Gestern hat Sachverständiger und Berater Dr. Götz Loos das von unserer Fraktion in Auftrag gegebene Gutachten vorgestellt. Herr Loos hat sich intensiv mit den klimatischen und ökologischen Bedingungen Unnas beschäftigt und ist dabei auf viele Besonderheiten gestoßen.

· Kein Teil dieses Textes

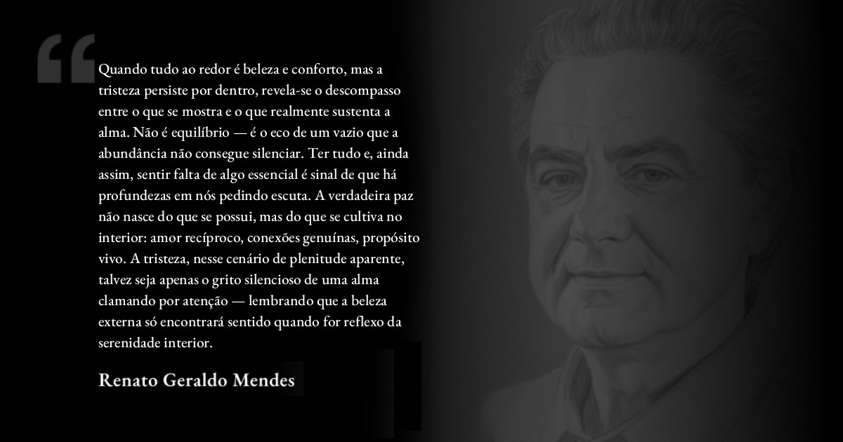 Quando tudo ao redor é beleza e conforto, mas a tristeza persiste por dentro, revela-se o descompasso entre o que se mostra e o que realmente sustenta a alma. Não é equilíbrio — é o eco de um vazio que a abundância não consegue silenciar. Ter tudo e, ainda assim, sentir falta de algo essencial é sinal de que há profundezas em nós pedindo escuta. A verdadeira paz não nasce do que se possui, mas do que se cultiva no interior: amor recíproco, conexões genuínas, propósito vivo. A tristeza, nesse cenário de plenitude aparente, talvez seja apenas o grito silencioso de uma alma clamando por atenção — lembrando que a beleza externa só encontrará sentido quando for reflexo da serenidade interior.

Wie auch schon im seinem Zwischenbericht prognostiziert, gibt es für Unna zwar keine Bäume denen Unna einen perfekten Standort bieten kann, dennoch gibt es Bäume, die mit unserem spezifischen Klima besser umgehen können.

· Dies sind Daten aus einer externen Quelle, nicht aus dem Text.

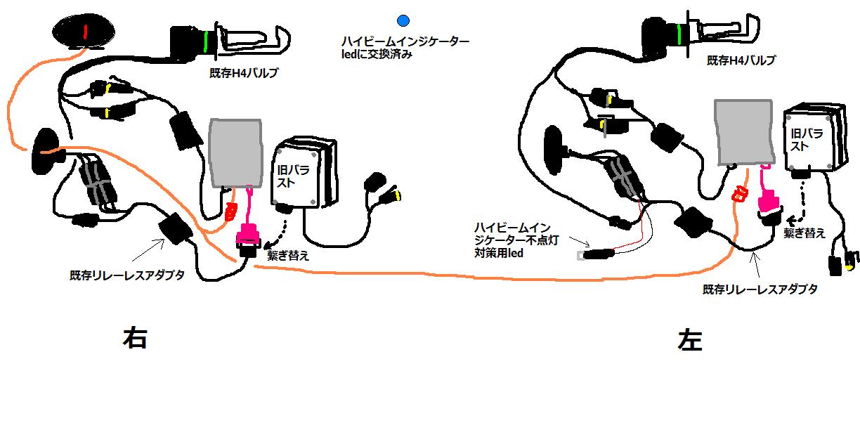 で、もう予備のデジインのバラストが無いので、今年の1月に購入して結局使用していなかった一年保証!ワンピース PIAAタイプバーナー H4 Hi/Low切替 超薄型軽量バラスト HIDコンバージョンキット 6000k 12V車用[Bバラ]のバラストを使用。

Das Modul ist unterteilt in 5 Listen:

Liste 1:  Traditionell gepflanzte und spontan auftretende Stadtbäume Unnas generell heimischer Herkunft

Liste 2:  Traditionell gepflanzte Stadtbäume Unnas nicht heimischer Herkunft

Liste 3: Nicht-heimische „Zukunftsbäume“ für Unna mit großflächiger Pflanzoption

Liste 4: Nicht-heimische „Zukunftsbäume“ für Unna mit lokaler Pflanzoption

Liste 5: Nicht-heimische Bäume mit eigenständiger Ausbreitung

Wir haben es in dem Gutachten also auch mit einer Analyse zu tun, welche Bäume in Unna heimisch sind und welche sich in den letzten Dekaden neu angesiedelt hat, inklusive einer Analyse, wie gut diese Bäume in das Stadtgebiet passen. Das Gutachten bietet dazu auch eine Einschätzung inwieweit die Stadt von gewissen Arten profitiert oder Nachteile hat.

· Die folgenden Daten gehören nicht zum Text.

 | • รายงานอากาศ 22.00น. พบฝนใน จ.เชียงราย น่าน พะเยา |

Mit den vorliegenden Listen ist der erste Schritt getan, um ein Konzept zu Unnas Bäumen zu entwickeln, das multifunktional ausgerichtet sein sollte. Nun kann man konkret nach Gebieten suchen, wo Bäume gepflanzt werden sollten; man kann Gebiete aufsuchen, wo Bäume geschützt werden sollten. Und die Einbeziehung weiterer Akteure, nämlich zunächst der Bevölkerung, wäre sinnvoll. Erste Schritte sind gemacht, aber es braucht noch mehr Resonanz.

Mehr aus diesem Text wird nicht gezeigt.